DATASET
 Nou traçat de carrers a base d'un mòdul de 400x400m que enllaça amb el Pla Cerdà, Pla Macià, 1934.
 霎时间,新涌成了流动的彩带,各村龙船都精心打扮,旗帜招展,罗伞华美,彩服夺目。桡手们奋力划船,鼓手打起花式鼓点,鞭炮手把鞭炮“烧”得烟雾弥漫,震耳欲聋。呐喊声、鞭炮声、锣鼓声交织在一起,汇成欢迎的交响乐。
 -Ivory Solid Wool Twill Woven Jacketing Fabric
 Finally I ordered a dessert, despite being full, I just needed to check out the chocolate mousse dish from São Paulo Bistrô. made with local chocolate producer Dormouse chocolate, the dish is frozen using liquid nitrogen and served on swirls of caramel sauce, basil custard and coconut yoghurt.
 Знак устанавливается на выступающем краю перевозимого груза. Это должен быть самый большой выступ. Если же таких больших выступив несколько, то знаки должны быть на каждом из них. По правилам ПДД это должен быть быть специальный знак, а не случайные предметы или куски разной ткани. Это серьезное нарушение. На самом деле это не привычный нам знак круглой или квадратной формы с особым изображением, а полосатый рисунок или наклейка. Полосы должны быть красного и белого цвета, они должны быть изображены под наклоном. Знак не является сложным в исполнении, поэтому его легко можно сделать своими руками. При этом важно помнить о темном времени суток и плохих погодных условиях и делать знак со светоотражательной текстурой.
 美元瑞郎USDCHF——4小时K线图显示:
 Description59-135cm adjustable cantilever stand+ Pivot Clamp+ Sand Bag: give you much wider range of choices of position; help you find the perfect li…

...

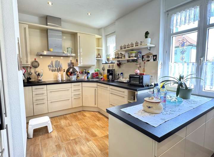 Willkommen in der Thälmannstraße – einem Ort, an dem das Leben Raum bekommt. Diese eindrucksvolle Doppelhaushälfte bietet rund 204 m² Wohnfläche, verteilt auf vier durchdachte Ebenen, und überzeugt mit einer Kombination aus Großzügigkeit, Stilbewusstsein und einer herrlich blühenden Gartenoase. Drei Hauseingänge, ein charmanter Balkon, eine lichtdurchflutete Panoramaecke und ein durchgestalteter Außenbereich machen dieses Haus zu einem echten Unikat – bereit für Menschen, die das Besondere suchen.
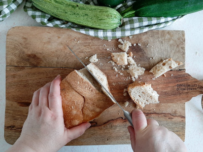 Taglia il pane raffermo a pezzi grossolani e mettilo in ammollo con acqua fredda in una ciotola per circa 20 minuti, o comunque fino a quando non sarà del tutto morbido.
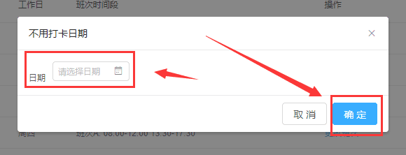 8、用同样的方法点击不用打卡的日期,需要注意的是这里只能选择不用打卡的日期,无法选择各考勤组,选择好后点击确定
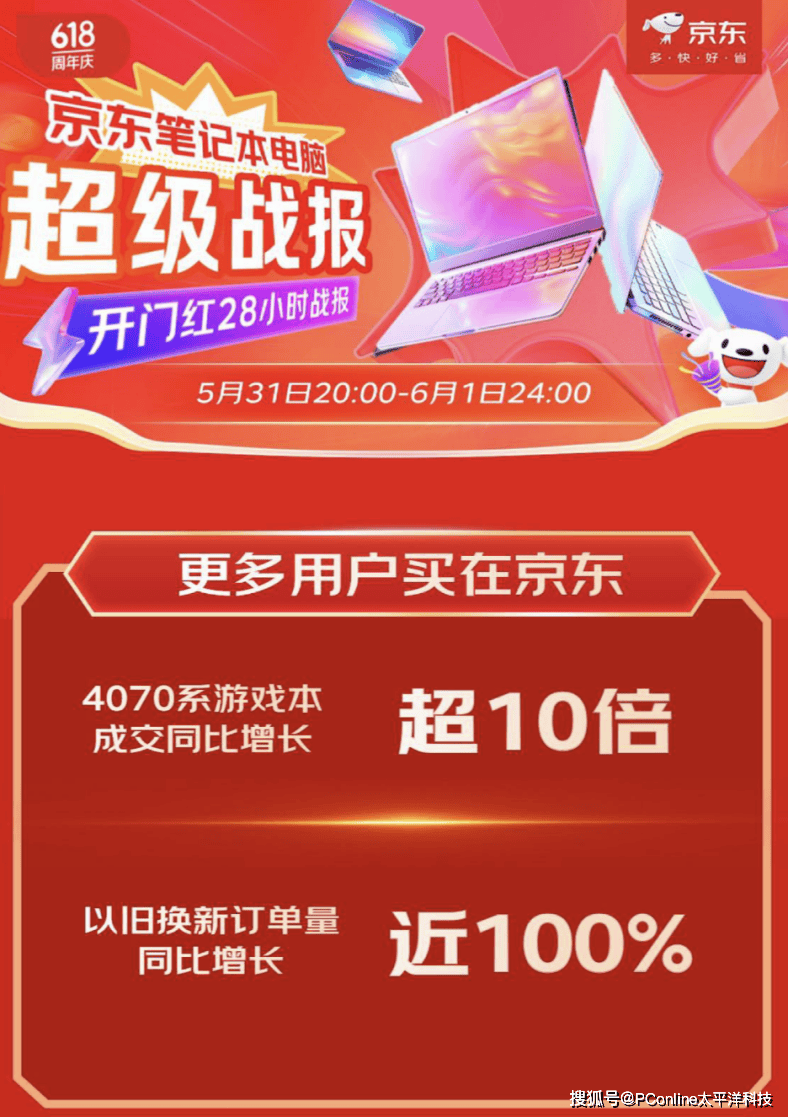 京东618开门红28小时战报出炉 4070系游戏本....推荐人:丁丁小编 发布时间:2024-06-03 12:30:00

--

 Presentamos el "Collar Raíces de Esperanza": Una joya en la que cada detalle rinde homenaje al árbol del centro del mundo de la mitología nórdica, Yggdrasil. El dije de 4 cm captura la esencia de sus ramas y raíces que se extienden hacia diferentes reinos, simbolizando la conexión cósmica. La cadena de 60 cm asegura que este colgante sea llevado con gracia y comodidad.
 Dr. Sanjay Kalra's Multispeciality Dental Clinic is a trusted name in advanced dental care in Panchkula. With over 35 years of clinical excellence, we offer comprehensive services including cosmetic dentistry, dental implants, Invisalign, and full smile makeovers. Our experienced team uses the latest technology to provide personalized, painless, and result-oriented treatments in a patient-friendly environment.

WHAT YOU WILL DO
Copy the entries above exactly, but only the stretch from the line containing "8、用同样的方法点击不用打卡" through the line containing "京东618开门红28小时战报出炉 4070系游戏本....推荐人:丁丁小编 发布时间:2024-06-03". Keep both end lines; drop the pictures.

SOLUTION FOR THIS PROBLEM
 8、用同样的方法点击不用打卡的日期,需要注意的是这里只能选择不用打卡的日期,无法选择各考勤组,选择好后点击确定
 京东618开门红28小时战报出炉 4070系游戏本....推荐人:丁丁小编 发布时间:2024-06-03 12:30:00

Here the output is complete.